Aspalathus steudeliana

Scientific classification
- Kingdom: Plantae
- Clade: Tracheophytes
- Clade: Angiosperms
- Clade: Eudicots
- Clade: Rosids
- Order: Fabales
- Family: Fabaceae
- Subfamily: Faboideae
- Genus: Aspalathus
- Species: A. steudeliana
- Binomial name: Aspalathus steudeliana Brongn.
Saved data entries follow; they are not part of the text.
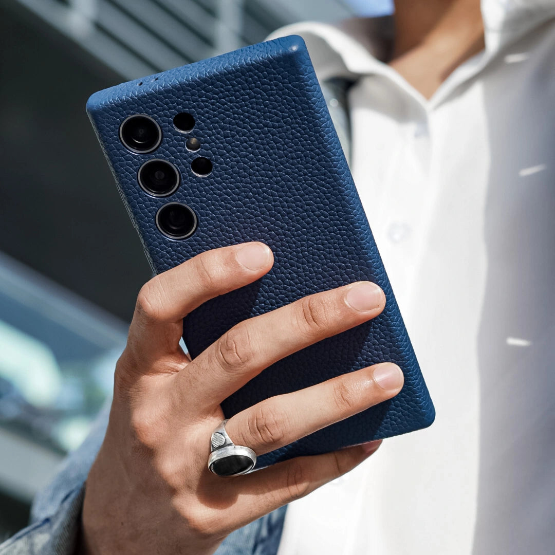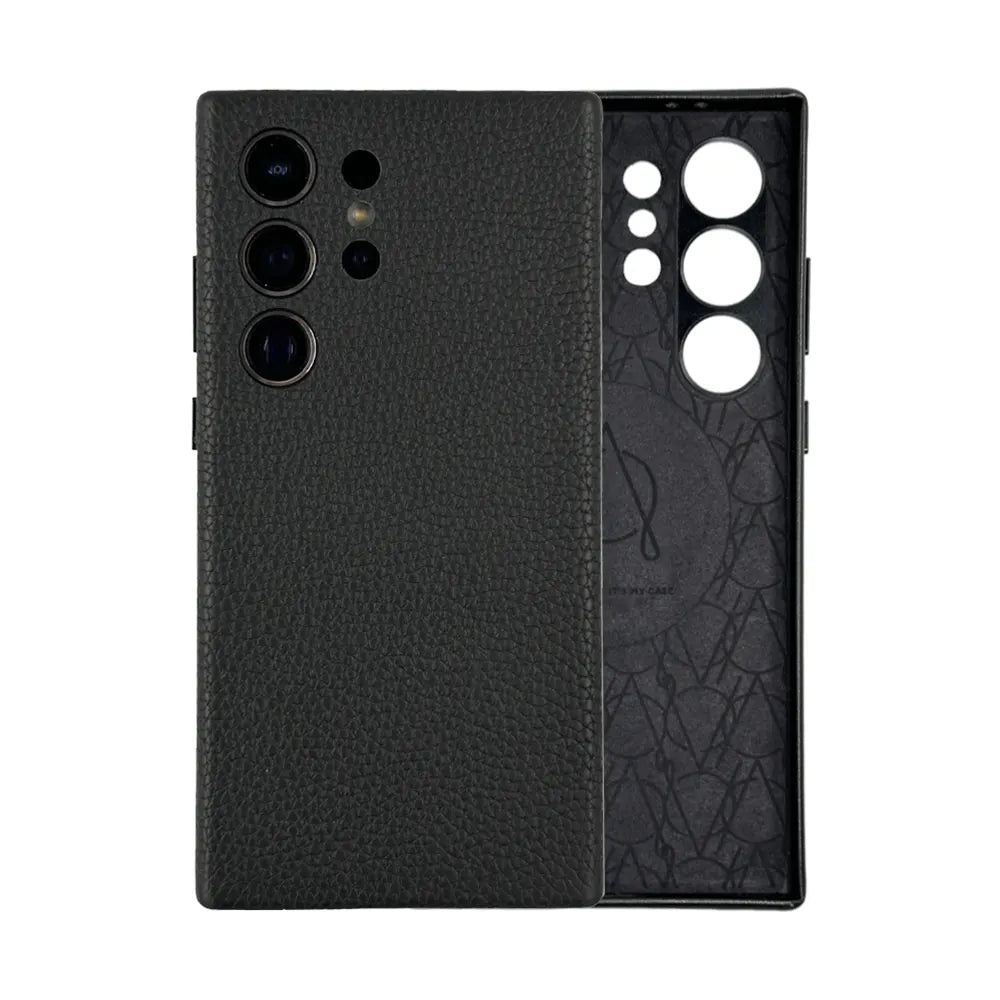 - Processed Lychee texture leather frame provides a secure non-slip grip designed for texting, gaming and selfie.
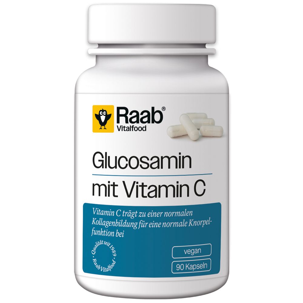 0,20 €/Stück - Kategorie: Nahrungsergänzungsmittel - Tetesept - GTIN:4008491277242 - PZN:16785339 - Nahrungsergänzungsmittel sind kein Ersatz für eine ausgewogene und abwechslungsreiche Ernährung und eine gesunde Lebensweise.tetesept Glucosamin 1200tetesept Glucosamin 1200 enthält hochdosiertes Vitamin D3 und Vitamin C sowie 1200 mg Glucosaminsulfat-KCl, ergänzt um weitere ausgewählte Mikronährstoffe. Das Vitamin C trägt zu einer normalen Kollagenbildung für eine normale Knorpel- und Knochenfunktion bei, während Vitamin D3 zur Erhaltung einer normalen Muskelfunktion und normaler Knochen beiträgt. Gleichzeitig leisten Vitamin C, E und Zink einen Beitrag dafür, die Zellen vor oxidativem Stress zu schützen. Kupfer schließlich trägt zur Erhaltung von normalem Bindegewebe bei. Mit hochdosiertem Vitamin D3 und Vitamin C sowie 1200 mg Glucosaminsulfat-KCl ergänzt um weitere ausgewählte Mikronährstoffe Vitamin C unterstützt den Knorpel. Vitamin D3 trägt zum Erhalt der Knochen bei 1 x täglich Gesunde, funktionsfähige Knorpel und Knochen sind eine wichtige Voraussetzung für einen intakten Bewegungsapparat, speziell in den GelenkenZutaten :Glucosaminsulfat Kaliumchlorid (Krebstiere, Weichtiere)(66,3%); Füllstoff: Mikrokristalline Cellulose; Ascorbinsäure (Vitamin C); Stabilisator: Polyvinylpyrrolidon; überzugsmittel: Hydroxypropylmethylcellulose; Farbstoff: Calciumcarbonat; Füllstoff: Natrium-Carboxymethylcellulose; Trennmittel: Magnesiumsalze der Speisefettsäuren; öl pflanzlich ... Dieses Produkt ist eine gute Wahl für den Einstieg, da es reines Glucosamin in Kapselform zu einem sehr günstigen Preis bietet. ![]() Raab Vitalfood Glucosamin Kapseln 90 St
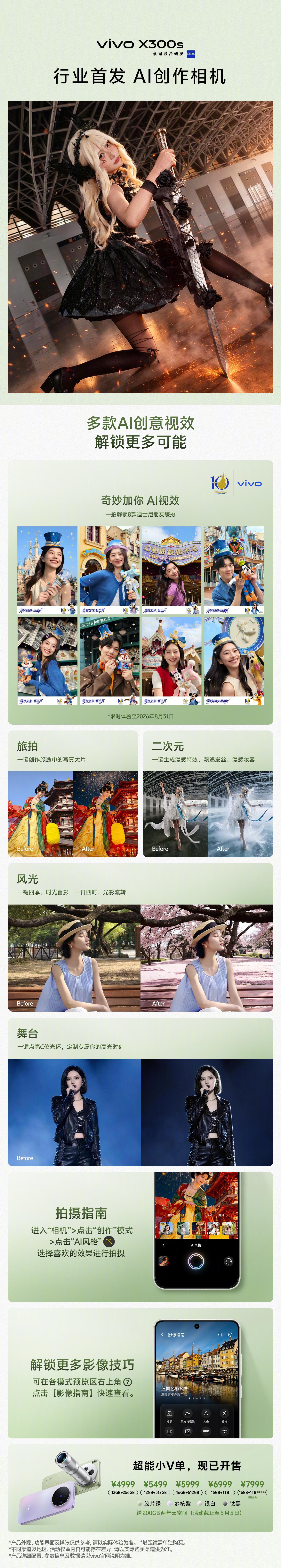 vivo X300s 超能小 V 单 首发AI创作相机,联合上海迪士尼推出「奇妙加你」限时AI视效,旅拍大片、COS特效一键生成,进一步夯实vivo在移动影像AI创作赛道的领先优势。
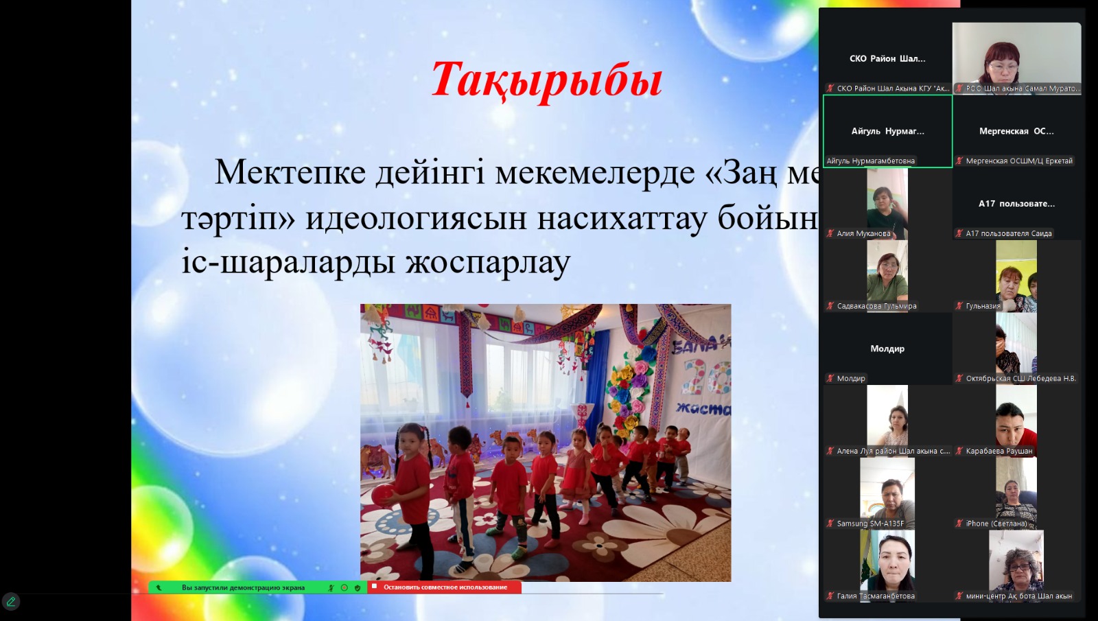 20 февраля 2026 года в рамках реализации плана мероприятий на 2026 год по продвижению идеологии «Закон и Порядок» среди воспитателей дошкольных организаций и предшкольных классов в онлайн-формате состоялся информационный час на тему «Педагог и Закон». В мероприятии приняли участие члены региональной мобильной группы.

= Aspalathus steudeliana =

- Genus: Aspalathus
- Species: steudeliana
- Authority: Brongn.

Species of legume

Aspalathus steudeliana is a species of Aspalathus shrub, which occurs in the Breede River Valley and Overberg regions of the Western Cape Province, South Africa.

==Description==
An erect shrub reaching 1 meter in height, without thorns. It has small (1-3mm), slender, linear, glabrous leaves.

The flowers are bright yellow, with short, triangular calyx lobes.

It somewhat resembles the related Aspalathus smithii, Aspalathus leucophylla, Aspalathus subtingens and Aspalathus lactea.

==Distribution and habitat==
This species is indigenous to the Breede River Valley and Overberg regions, of the southern Western Cape Province, South Africa.

It occurs from near Ashton in the north, southwards to Swellendam, Bredasdorp and the Agulhas plain. It also occurs in the area north of De Hoop, and eastwards to Heidelberg, Riversdale and Mossel Bay.

Its habitat is typically rocky, clay-rich flats, of shale, silcrete and old alluvial terraces. It grows in Renosterveld vegetation that has a partial Fynbos mixture.